> _Directions_: From the first line down to the line containing "拍完照,往北隘勇古道方向要走", print the records below exactly, leaving every picture out.

BEGIN Task material

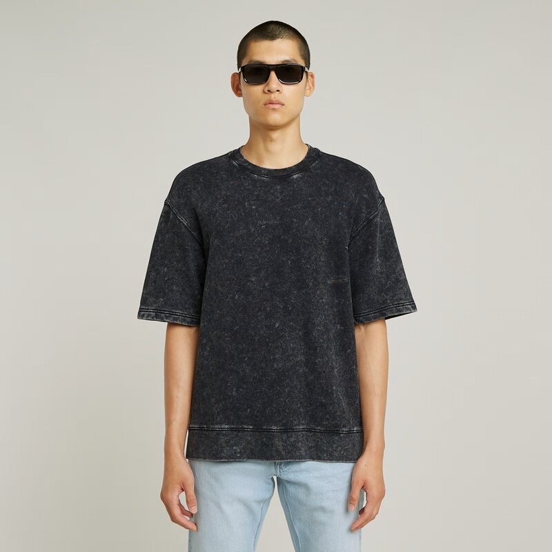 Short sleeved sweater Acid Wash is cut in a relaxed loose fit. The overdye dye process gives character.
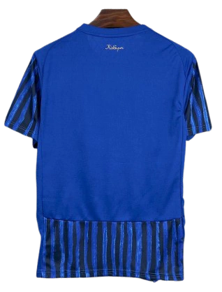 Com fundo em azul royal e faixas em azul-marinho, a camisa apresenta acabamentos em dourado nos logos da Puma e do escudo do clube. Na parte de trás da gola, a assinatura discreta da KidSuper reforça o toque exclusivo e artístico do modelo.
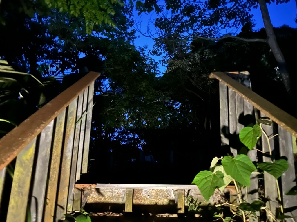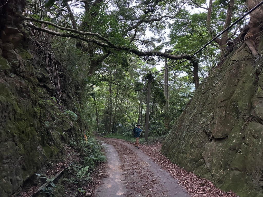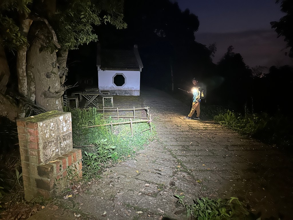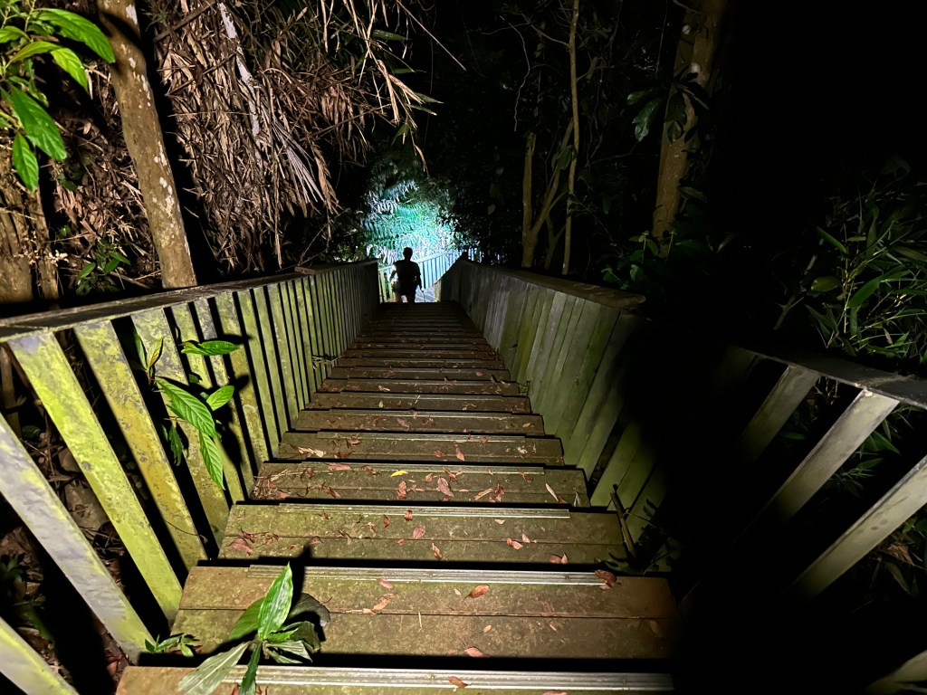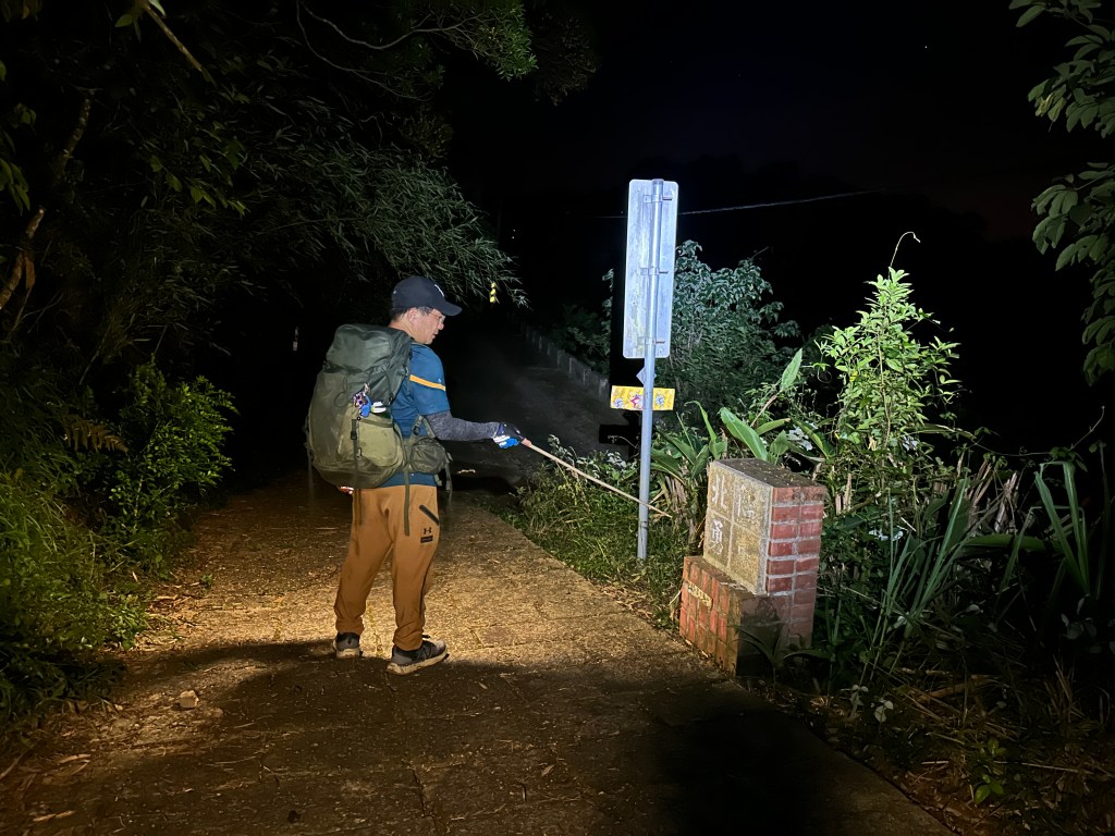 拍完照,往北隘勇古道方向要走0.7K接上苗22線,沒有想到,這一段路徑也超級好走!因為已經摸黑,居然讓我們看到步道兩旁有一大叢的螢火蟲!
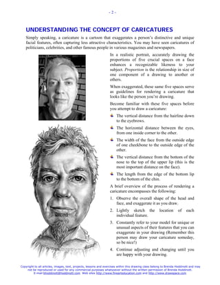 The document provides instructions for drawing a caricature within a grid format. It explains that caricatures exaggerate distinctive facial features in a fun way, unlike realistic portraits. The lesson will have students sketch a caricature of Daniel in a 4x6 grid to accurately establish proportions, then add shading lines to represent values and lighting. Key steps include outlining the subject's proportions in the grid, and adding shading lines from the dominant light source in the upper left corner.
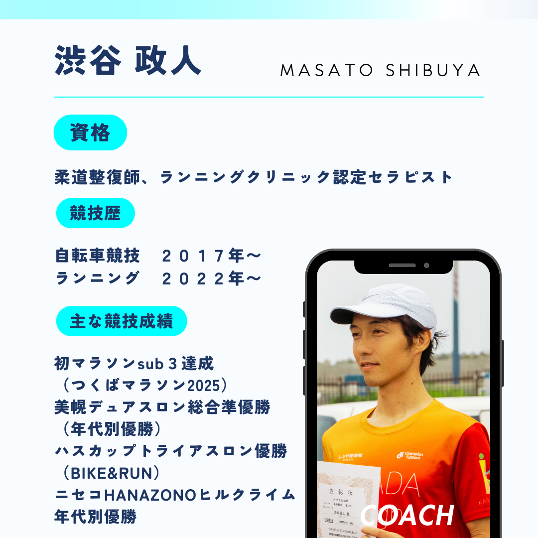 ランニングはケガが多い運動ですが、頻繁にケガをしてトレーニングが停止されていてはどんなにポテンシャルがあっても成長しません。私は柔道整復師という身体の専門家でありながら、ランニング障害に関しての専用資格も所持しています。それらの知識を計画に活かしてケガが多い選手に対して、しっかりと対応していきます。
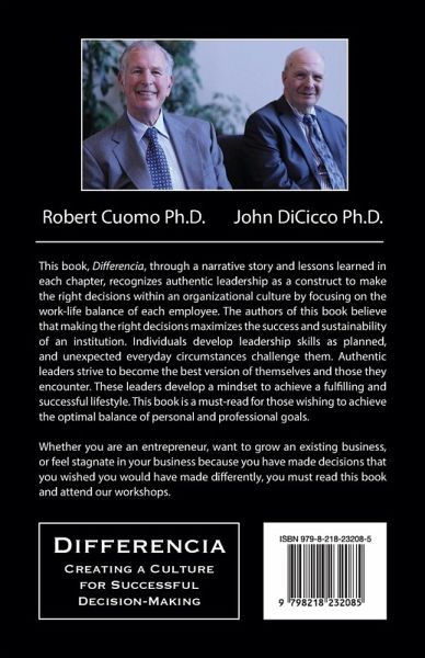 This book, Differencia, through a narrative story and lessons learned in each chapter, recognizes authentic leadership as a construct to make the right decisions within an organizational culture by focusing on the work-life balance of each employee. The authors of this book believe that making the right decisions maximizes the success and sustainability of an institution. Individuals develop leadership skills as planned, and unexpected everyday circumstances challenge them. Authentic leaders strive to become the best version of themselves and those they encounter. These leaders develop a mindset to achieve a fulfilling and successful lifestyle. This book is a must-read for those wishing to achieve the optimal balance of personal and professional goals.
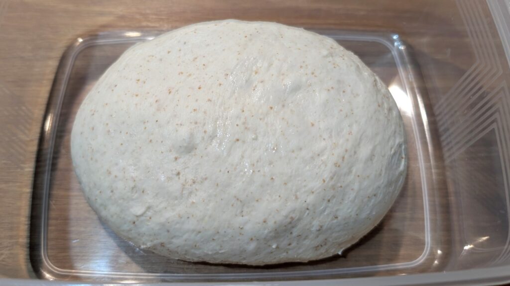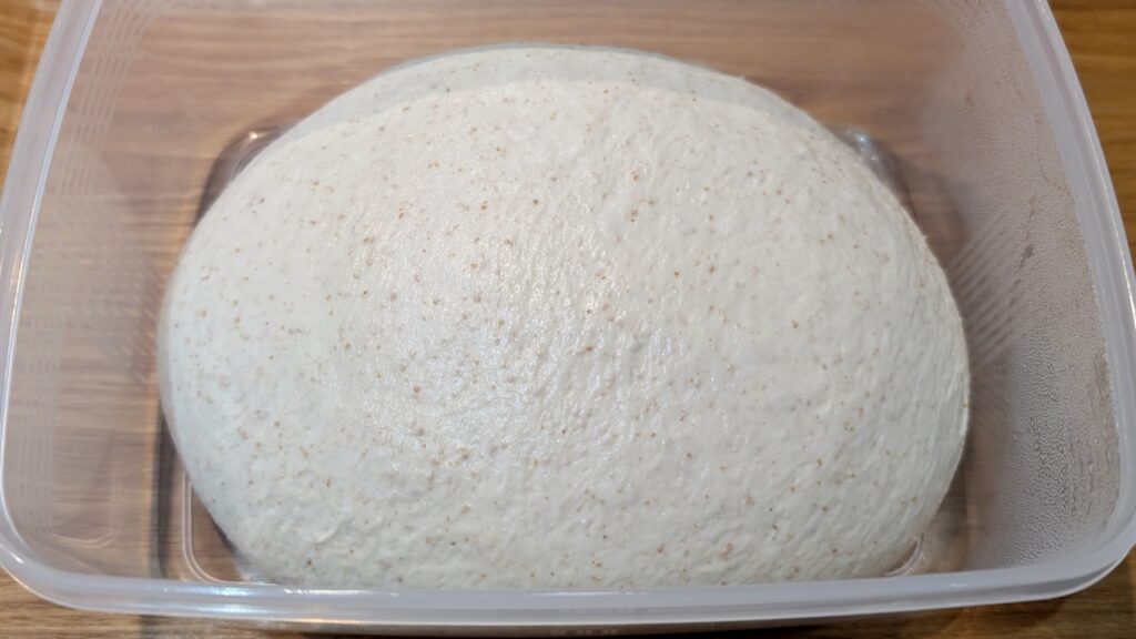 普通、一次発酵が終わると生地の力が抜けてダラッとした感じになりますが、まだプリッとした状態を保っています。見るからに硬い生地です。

END Task material

> _Solved problem_:
 Short sleeved sweater Acid Wash is cut in a relaxed loose fit. The overdye dye process gives character.
 Com fundo em azul royal e faixas em azul-marinho, a camisa apresenta acabamentos em dourado nos logos da Puma e do escudo do clube. Na parte de trás da gola, a assinatura discreta da KidSuper reforça o toque exclusivo e artístico do modelo.
 拍完照,往北隘勇古道方向要走0.7K接上苗22線,沒有想到,這一段路徑也超級好走!因為已經摸黑,居然讓我們看到步道兩旁有一大叢的螢火蟲!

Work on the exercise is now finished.